Пятнадцать минут спустя, все кроме двоих во взводе последовали её примеру и обмазались грязью. Колеа не стал, потому что не понимал, что происходит.
Ну, а Куу… просто потому, что это был Куу.
«По крайней мере, — поздравила себя Криид, — похоже, что большая часть взвода сплотилась. Наверное, я неплохо справляюсь».
Десятый взвод занял станцию 290, одиннадцатый взвод Обеля встал к северу, а шестнадцатый, Мароя, к югу от них.
Каждая станция представляла собой приблизительно километр огневой траншеи, разделённый траверсами на двадцатиметровые отрезки. У них был земляной бункер с полевым телефоном и воксом, но благодаря личным вокс-линкам Призраков, это оснащение в большинстве случаев не использовалось.
Три раза в день Криид совершала свой тур в сопровождении Хьюлана и ДаФельбе.
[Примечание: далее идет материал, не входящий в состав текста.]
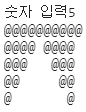 n = int(input('숫자 입력')) for i in range(n): for k in range(n-i): print("@", end = '') for j in range(i*2 - 1): print(" ", end = '') for j in range(n-i): print("@", end = '') print()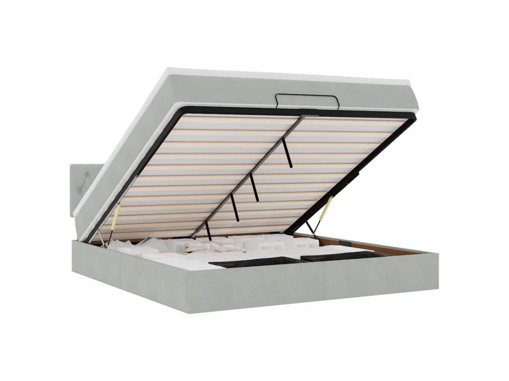 - Veľký úložný priestor pod posteľou: Vďaka hydraulickému zdvíhaciemu mechanizmu ponúka rám postele dostatok úložného priestoru pod posteľou, čím sa maximalizuje priestor bez toho, aby zaberal ďalšiu podlahovú plochu. Jednoduchým potiahnutím rukoväte sa lamelová základňa hladko zdvihne, čo vám umožní získať veci rýchlo a bez námahy.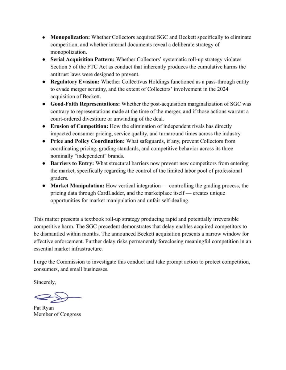 In the letter, Ryan asks the government to look into allegations of monopolization — “Whether Collectors acquired SGC and Beckett specifically to eliminate competition, and whether internal documents reveal a deliberate strategy of monopolization” — as well as whether Collectors’ aggressive series of acquisitions was designed to evade merger scrutiny and avoid regulation. He argues that the end result of such “erosion of competition” will be to drive up prices and create almost insurmountable barriers to entry for potential new competitors.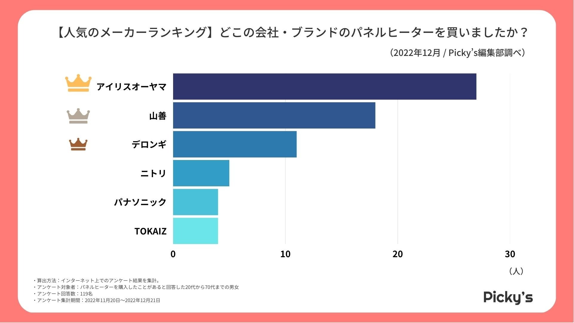 このたびPicky’s(https://rentry.jp/note/)では、パネルヒーターを買う際に意識していることや人気のメーカー・ブランドなどをインターネット上でアンケート調査を行い、ランキングを作成いたしましたので発表いたします。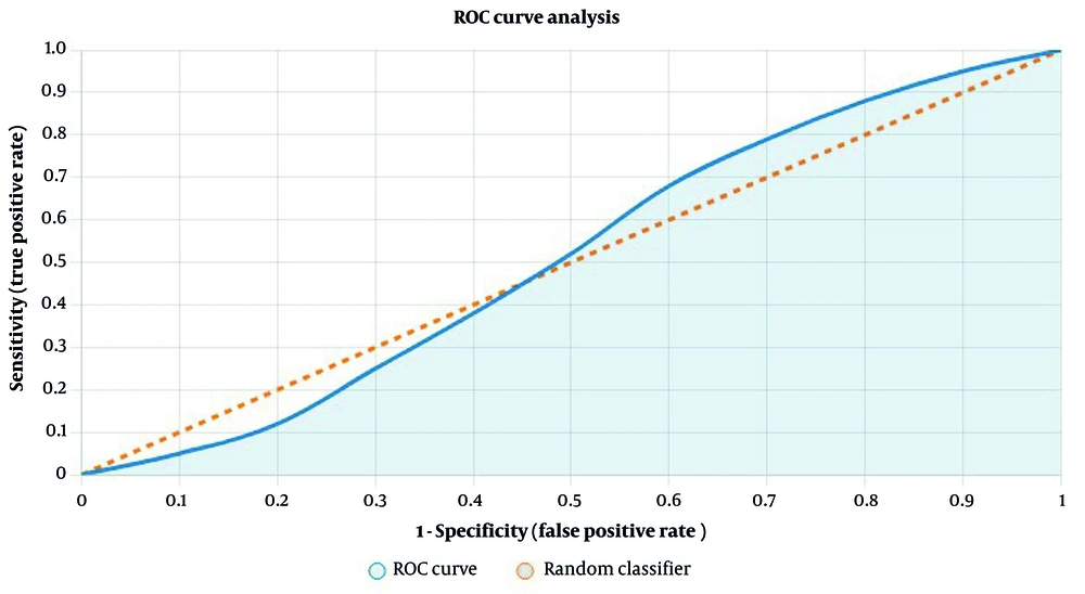 ![Receiver operating characteristic (ROC) curve for biomarker detection by quantitative real-time polymerase chain reaction [qRT-PCR; area under the curve (AUC) = 0.82, sensitivity = 64.3%, and specificity = 90.4%] Receiver operating characteristic (ROC) curve for biomarker detection by quantitative real-time polymerase chain reaction [qRT-PCR; area under the curve (AUC) = 0.82, sensitivity = 64.3%, and specificity = 90.4%]](https://services.brieflands.com/cdn/serve/31710/1251bf263682c3c460a50b82569eb483fd009933/hepatmon-25-1-166059-i001-preview.webp)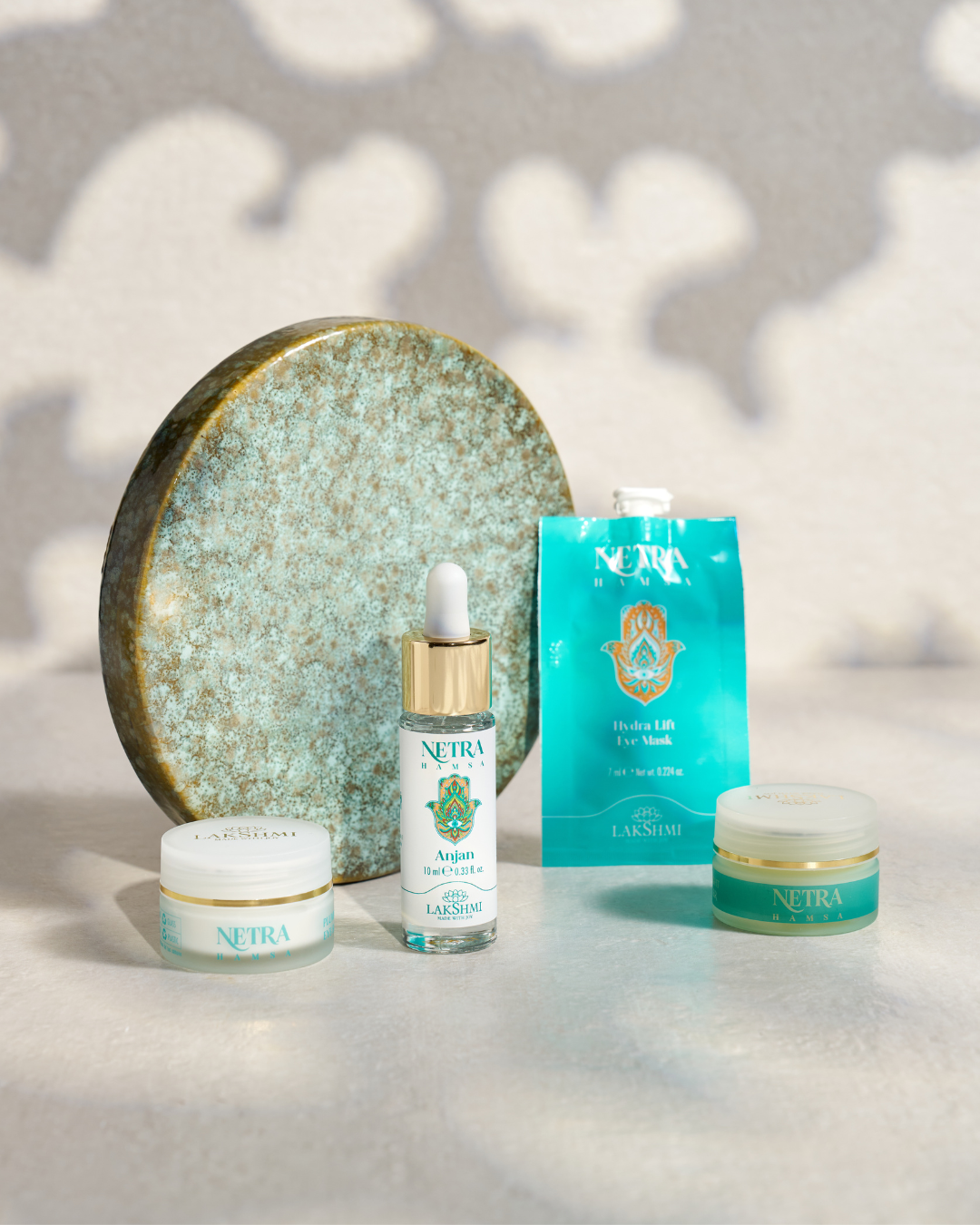 Oui, elle complète tous les rituels visage Lakshmi. Utilisez Netra en association avec votre gamme principale (PITTA, VATA, ANTI-AGE…) pour un soin global.

Она проверяла целостность траншеи, проверяла, как доставляют еду, инспектировала пункты наблюдения. Она индивидуально проверяла снаряжение каждого солдата, боеприпасы и даже ноги на предмет появления «траншейной стопы».
Третий день был мрачным. Дождь лил с запада под таким углом, что борта траншеи не давали никакого укрытия. Дождь тоже имел привкус чего-то металлического или химического. Кто-то сказал, что накануне на севере, в Мейсек Бокс, применили кожно-нарывной газ, и некоторые солдаты поспешили надеть респираторы или сделать повязки. Небо было низким и гнетущим, по нему быстро плыли клубящиеся, почти чёрные, облака.
Из-за этого краски дня померкли. Лица побледнели, а тени в глазницах сгустились.
Некоторые из подразделений, ранее занимавших окоп – к примеру, Семьдесят седьмая стрелковая бригада Лунсгатте – остались. Всего отряд, около тридцати человек, расчёты траншейных минометов, расположенных в блиндажах позади главного огневого окопа. Их командир, сержант по имени Хартвиг, присоединился к Криид, пока она осматривала минометные точки. Он был высок и начисто лишён чувства юмора. Кутаясь в испачканный грязью серый плащ, он носил шапку и зеленое кепи с кокардой, на которой было изображено какое-то животное, похожее на медведя. Его подчинённые мало общались с танитцами. Казалось, они довольны жизнью в тесных приямках своих дотов. Ещё у Криид сложилось впечатление, что Хартвиг и его люди пренебрежительно относились к подразделению, в составе которого были женщины, а тем более – когда одна из них была командиром.
Минометы представляли собой приземистые машины из воронёного металла, называемые фельдверферами, и использовали сжатый газ для выстрела трехкилограммовым снарядом. Расчёты содержали оружие в безупречной чистоте, постоянно шлифовали и смазывали. Сами люди, напротив, были грязными, а их форма давно превратилась в лохмотья. Большинство носили шапки или свободные капюшоны, кожаные куртки и шерстяные безрукавки, у многих на груди были привязаны или нашиты пластины брони. Их руки и лица почернели от грязи.
С миномётами перемежались пружинные орудия Фавелла, тяжёлые компактные катапульты, которые напоминали Тоне Криид своего рода орга́ны. Требовалось усилие двух человек, чтобы крутить шатунный ворот и взводить длинное метательное плечо до упора. Когда спусковой шнур выдёргивался, группа массивных пружин в основании орудия резко вскидывала рычаг и отправляла гранаты или бомбы в полёт над огневой траншеей по направлению к полю боя.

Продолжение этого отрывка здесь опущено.